Rule-based filtering

We developed an SQL search algorithm that allows filtering for clinically used radiotracers and radiotracer-to-target associations. Specifically, we generated a set of numeric sequences corresponding to the mass number of radioisotopes used for molecular imaging78, and an algorithm to retain only those texts in which the radiotracers contained one of these numeric sequences. Furthermore, we developed a filtering algorithm to retain texts that contain both, a radiotracer (RADIOTRACER-L and/or RADIOTRACER-S) and a protein or gene name in the title and/or the abstract.

Protein-to-gene translation

We developed a tool that can translate protein names in our final excel file exported from the SQL database after the rule-based filtering step, i.e. those of radiotracer targets, to the names of the respective coding genes. Thereby, we used mygene, the python wrapper for the mygene.info REST API79, a database which contains large lists of protein aliases and their coding genes. We wrote an automatic querying algorithm that iterated over all target proteins, wrote the best match to the table provided by mygene.info (matched protein, associated gene symbol and associated gene ensembl ID) and exported it to a new excel file for manual verification.

The Imageable Genome

We downloaded and parsed the entire baseline MEDLINE/PubMed citation record, and created a dataset of 33,405,863 PubMed ID (PMID) citations and 22,542,347 abstracts. Using the text classifier, we identified within this dataset 649,995 abstracts with a prediction score above 0.5 for containing a radiotracer. We stored these to an SQL partitioned database hosted on a MYSQL server80 containing all original columns of the baseline dataset plus a column with the prediction score. We then used the named entity recognition model to extract radiotracers from all title and abstract texts in the dataset, and added that information to the SQL partitioned database. We then used our filter algorithms, and retained all entries that contained both, a radiotracer and a protein or gene name in the title and/or the abstract, and retained all entries in which the radiotracers contained a numeric sequence of a clinically relevant radiotracer. Using the rule-based filtering, we obtained a dataset of 44,811 entries that we stored to an SQL partitioned table.
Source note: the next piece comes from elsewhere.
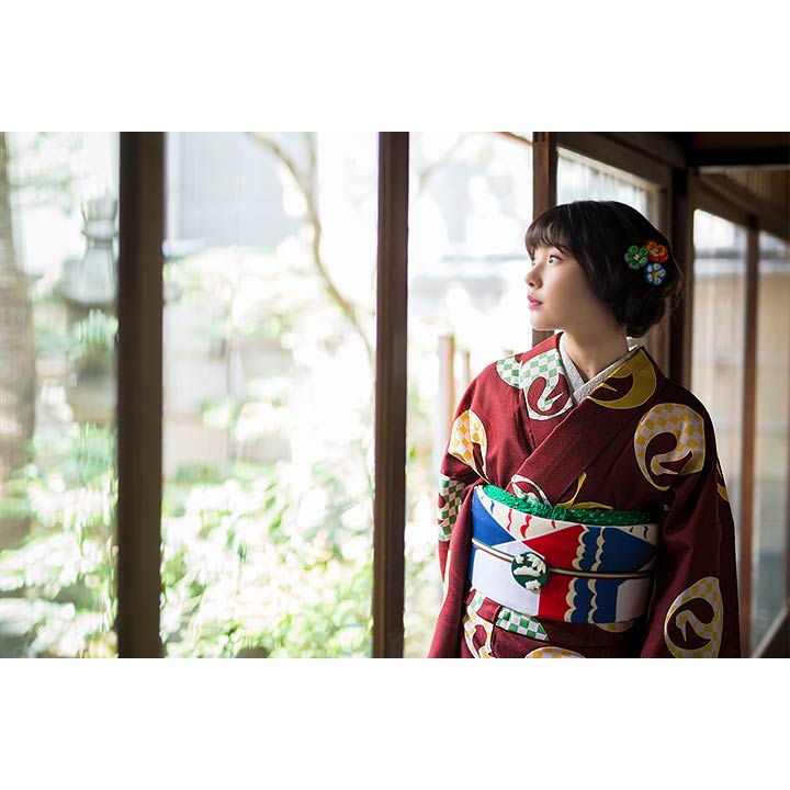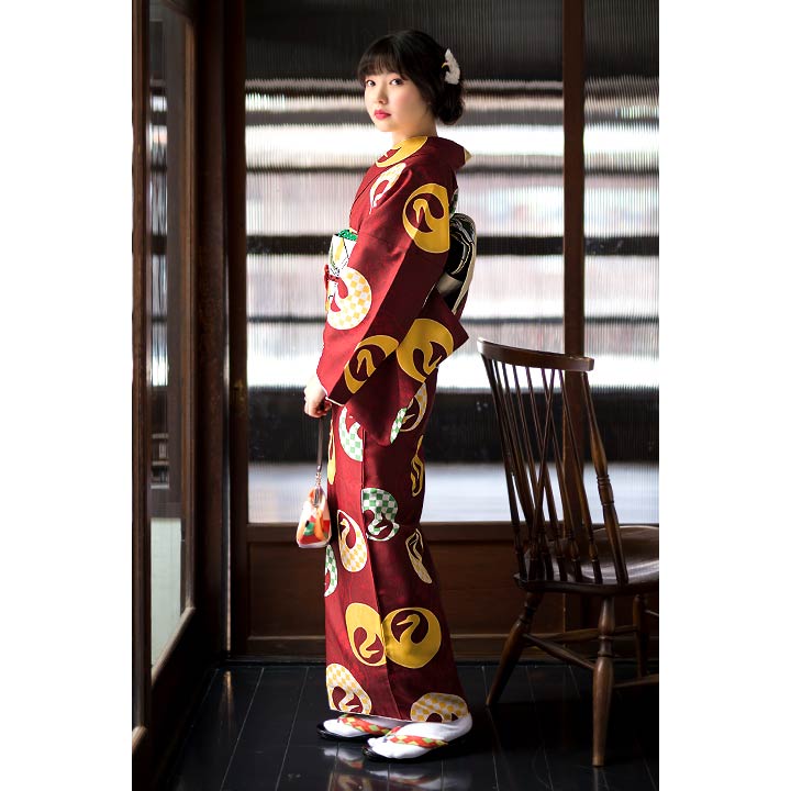 エンジ色地に、ワントーン明るい色でさりげなく、麻の葉、立涌文に花、縦に連なる梅の花模様。その上に、濃い黄色や、黄色×白色、明るい緑色×白色でくっきりとキレイに浮かび上がっている、丸い鶴のモチーフが目を引きます。

Finally, a team of experts in the field verified the correct identification of the radiotracer, the correct identification of the gene entity, the correct identification of the protein entity, the correct association between the radiotracer and the gene entity, the correct identification of the protein entity, the correct association between the radiotracer and the protein entity. Unclear cases were solved by a second or third reviewer.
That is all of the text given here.